To say that the classic Hervé Léger bandage dress is form-fitting is to say that summer is warmer than winter: it’s beneath even Captain Obvious to mention. (If you’ve forgotten what they look like, it’s something like this.) That said, it’s still possible to shoot off one’s mouth about such things:
Some people just aren’t very nice. They try — oh God, they try — but sooner or later, the mask always slips. I’m not saying people who work at the luxury end of the fashion industry are any meaner than those who work in other professions, but I am saying they’re more blinkered. Over-paid, over-indulged and over-protected, some lost touch with reality a very long time ago.
Pity poor Patrick Couderc, brought back to reality with a jolt via that classic, tried-and-tested means of a P45. The former UK managing director of MJH Fashion, the London-based licensee of the Hervé Léger brand, was dismissed after telling a Sunday newspaper that “voluptuous” women and women with “very prominent hips and a very flat chest” should avoid the bandage-style dresses for which Hervé Léger is most famous. Then, after complaining that the style had become popular with reality TV stars (admitting he “refuses to give free dresses to celebrities if they are judged to lack sufficient class”), he topped off his body-shaming snobbery with a final dig at lesbians. “If you’re a committed lesbian and you are wearing trousers all your life, you won’t want to buy a Léger dress. Lesbians would want to be rather butch and leisurely.”

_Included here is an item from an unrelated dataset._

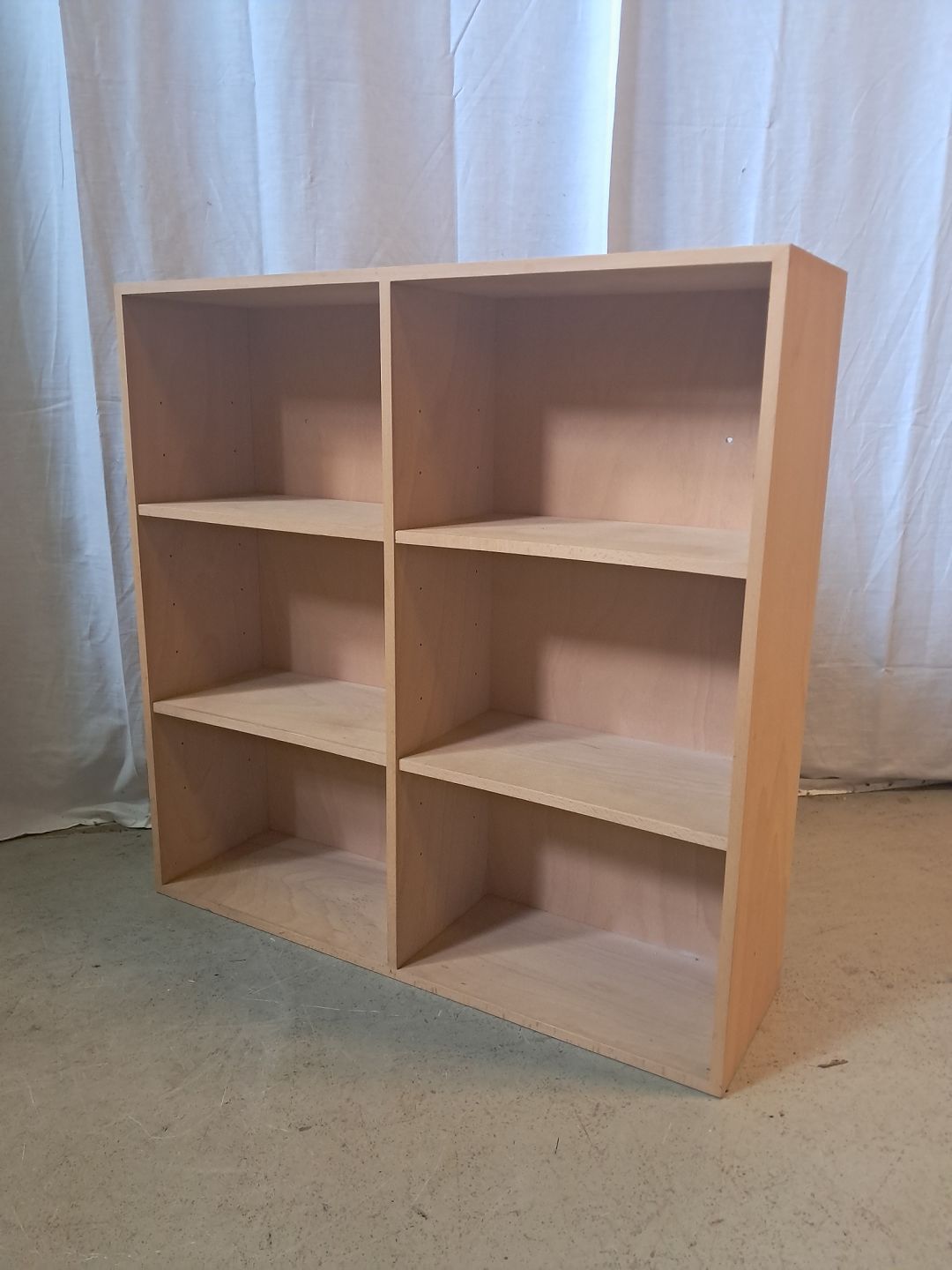 At-bo reolkasse i krydsfiner, fra 2000erne. Den har brugsspor og der medfølger ikke ophæng. Højde 70cm Bredde 70cm Dybde 20cm Emne nummer: 77132

This latter, of course, runs afoul of the First Rule of Holes: “Stop digging.”
The corner office, of course, disavowed the entire exchange:
Parent company BCBGMAXAZRIA Group says it is “shocked and appalled” by Couderc’s comments: “The brand celebrates sensuality, glamour and femininity without discrimination.”
But that doesn’t mean they’re making a dress for you:
I don’t know which is sadder: that the people in charge of these companies feel this way, or that we, the customers, are so completely unsurprised. “A fashion designer who’s openly misogynistic and has no regard for any woman not built like a 2×4? What a shock,” was one typical comment on the internet, in response to Couderc’s comments. But then, as anyone who’s a size 18 or big-breasted or big-bottomed will attest, high-end designers have been practising body discrimination for aeons. It’s why they don’t stock clothing in your size.
And this outburst by Couderc is not likely to make them start, either.